These are the key concepts you need to understand to accurately answer the question.

Coefficient of Determination
The coefficient of determination, often denoted as \( R^2 \), is a key metric in multiple regression analysis that indicates how well a model explains the variability of the response variable. It ranges from 0 to 1, where 0 means the model does not explain any variability, and 1 means it explains all the variability. In the context of the exercise, we are comparing two models: the first with predictors \( x_1 \) and \( x_2 \), and the second adding the interaction term \( x_3 = x_1 x_2 \). The SSE (Sum of Squares for Error) for the first model is 5.18 and for the second is 3.07, which suggests that the second model fits the data better. By using the formula:
  • \( R^2 = 1 - \frac{SSE}{SST} \)
We can assess each model's effectiveness. Although we don't have a specific SST value, the smaller SSE in the second model implies a higher \( R^2 \). This means the interaction between \( x_1 \) and \( x_2 \) adds explanatory power, thus improving model fit.
Model Utility Test
A model utility test is conducted to determine whether adding predictors actually improves the model. This test involves an F-test, which compares a complex model to a simpler one. The null hypothesis \( H_0 \) states that the simpler model is sufficient, and any added predictors do not improve the fit. In this scenario, we compute the F-statistic using:
  • \( F = \frac{(SST - SSE) / m}{SSE / (n - m - 1)} \)

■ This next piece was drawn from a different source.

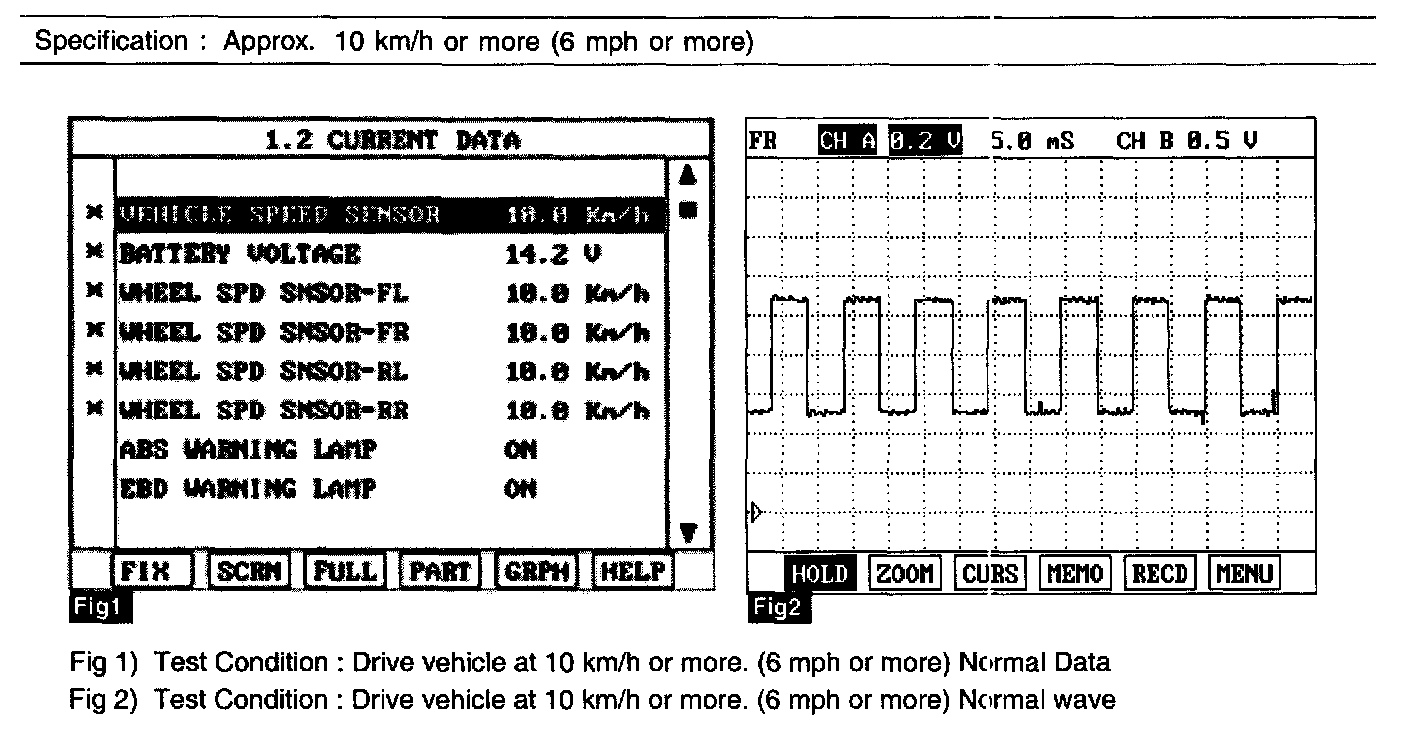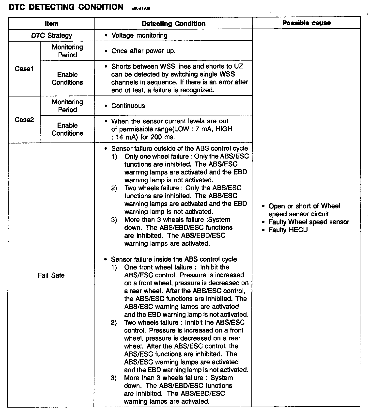 The ABS ECU monitors the wheel speed sensor circuit continuously. A direct current is supplied in the wheel-speed sensor by a power source in the input amplifier of the control unit. If the WSS circuit is broken, in that case a fault is detected by detecting abnormal input current. HECU cuts off the voltage supply to wheel sensor channel which had a fault to prevent vehicle's damage due to super heated harness. If one or more defects has detected, DTC code of defected wheel will be stored. Mutual short between sensors is detected by executing self diagnosis successively at corresponding wheel when ignition ON. Warning lamp is turned OFF unless fault is detected any more when the IG KEY is turned ON again.

where \( m \) is the number of predictors and \( n \) is the total number of observations. A critical F-value is determined from statistical tables at the chosen significance level (\( \alpha = 0.05 \) here). If our computed F-statistic exceeds this critical value, we reject \( H_0 \) and conclude that the added predictors are indeed useful. In our exercise, checking if including \( x_3 \) enhances the model is crucial. If the interaction term provides significant improvement, it justifies its inclusion.

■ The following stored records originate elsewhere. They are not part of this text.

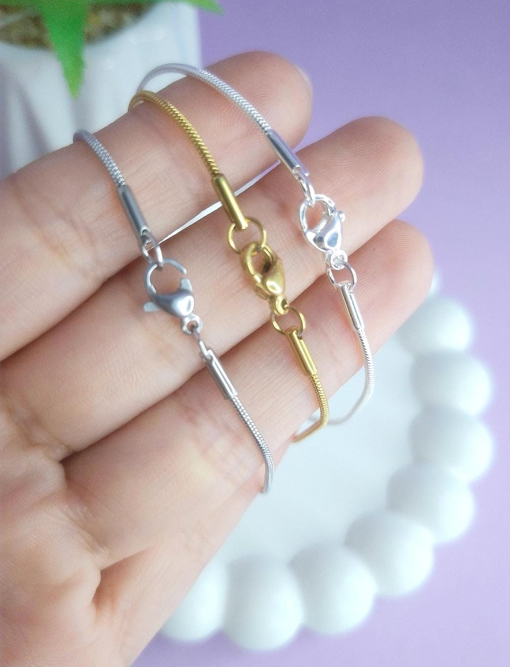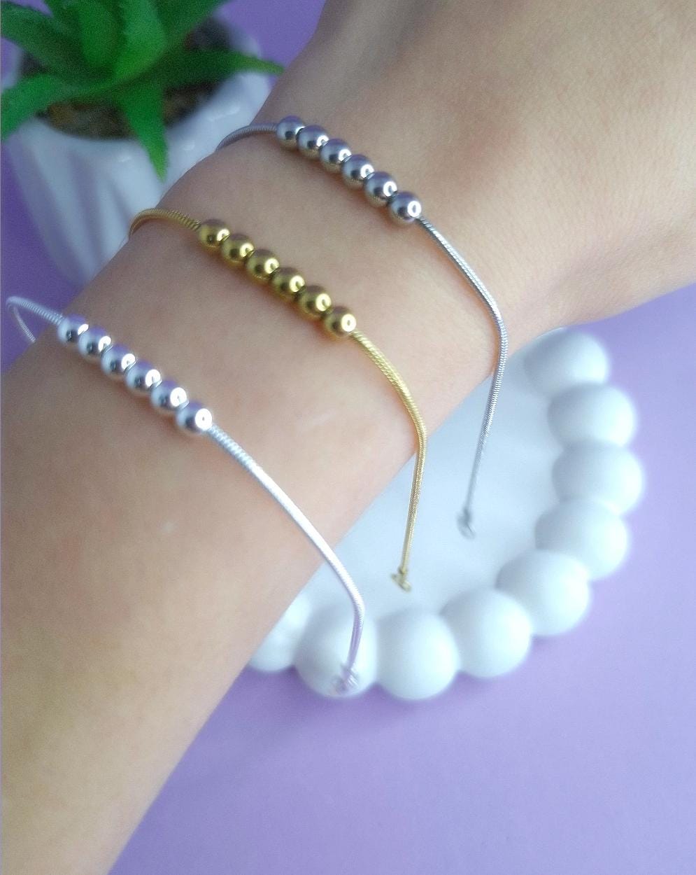 Combo x 3 pulseras bolitas(acero blanco, dorado y quirúrgico) cantidad
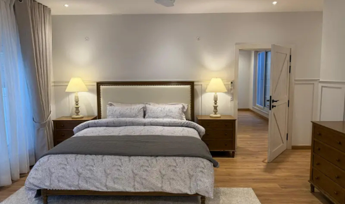 A beautifully maintained fully furnished triple-storey house is available for rent, offering a spacious and comfortable living environment. The property features 5 bedrooms with attached bathrooms, elegant drawing and lounge areas, a functional kitchen, servant quarter, and a well-kept lawn, making it suitable for large families or corporate use.
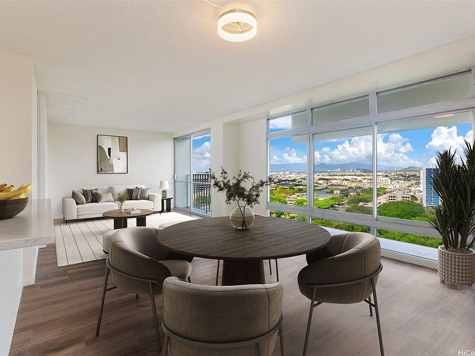 Take in the beautiful 20th floor city and mountain views overlooking Foster Botanical Gardens. Queen Emma Gardens is a pet-friendly community offering wonderful amenities, including Japanese-style tea-houses, swimming and wading pools, a tranquil koi pond, BBQ area, and picnic sites, all in a convenient location near downtown Honolulu, shopping, and dining. Put this on your must-see list! One or more photos have been enhanced.
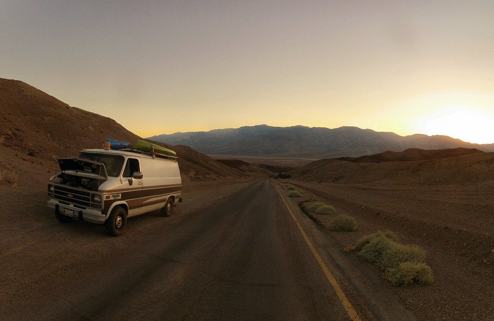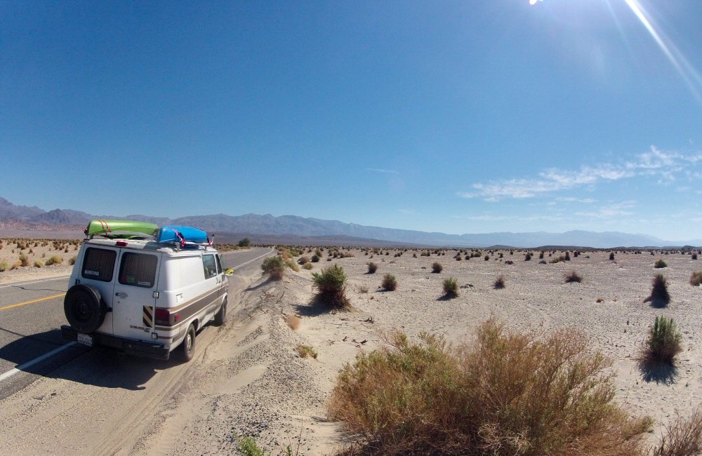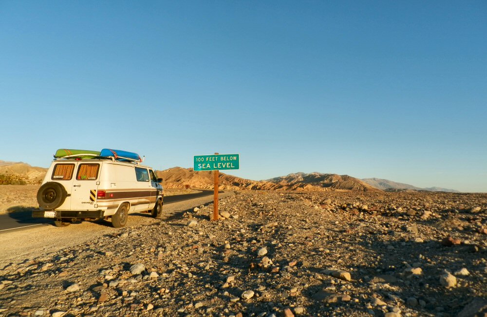 Eventually, late afternoon, it was time to get going. It’s not a long drive into Death Valley from Las Vegas, just a few hours through hot, arid desert. We arrived at the visitor centre at Furnace Creek where the temperature was 117F; over 47 centigrade, at 6pm! We made a dash up the valley to catch the sunset, and then found a campground.
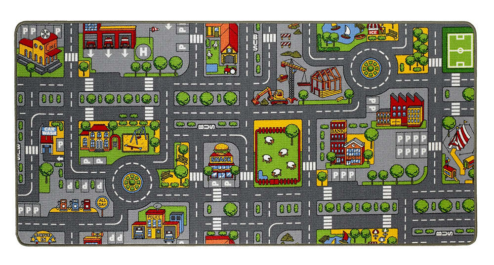 Oboustranný koberec 2v1 na jedné straně mapa města, na druh straně farma s přírodou. Velikost koberce 80×120 cm. Kvalitní materiál, vyrobeno v Belgii. przeczytaj całość

Regression Model Interpretation
Interpreting a regression model involves understanding how predictors influence the response variable. In the exercise, interpreting involves analyzing how position and tail placement (\( x_1 \) and \( x_2 \)) along with their interaction (\( x_3 \)) affect the lift/drag ratio. The coefficient of determination for each model informs us about their explanatory powers, but interpretation goes beyond numbers to understand predictor relationships. Adding \( x_3 \) improves \( R^2 \), indicating \( x_1 \) and \( x_2 \)'s interaction is meaningful. This suggests these variables' combined effect significantly influences lift/drag ratio. Knowing this helps engineers optimize these aspects to perhaps improve aircraft efficiency. Additionally, the model utility test confirms if including this interaction term truly provides substantial insights or if it unnecessarily complicates the model without real value.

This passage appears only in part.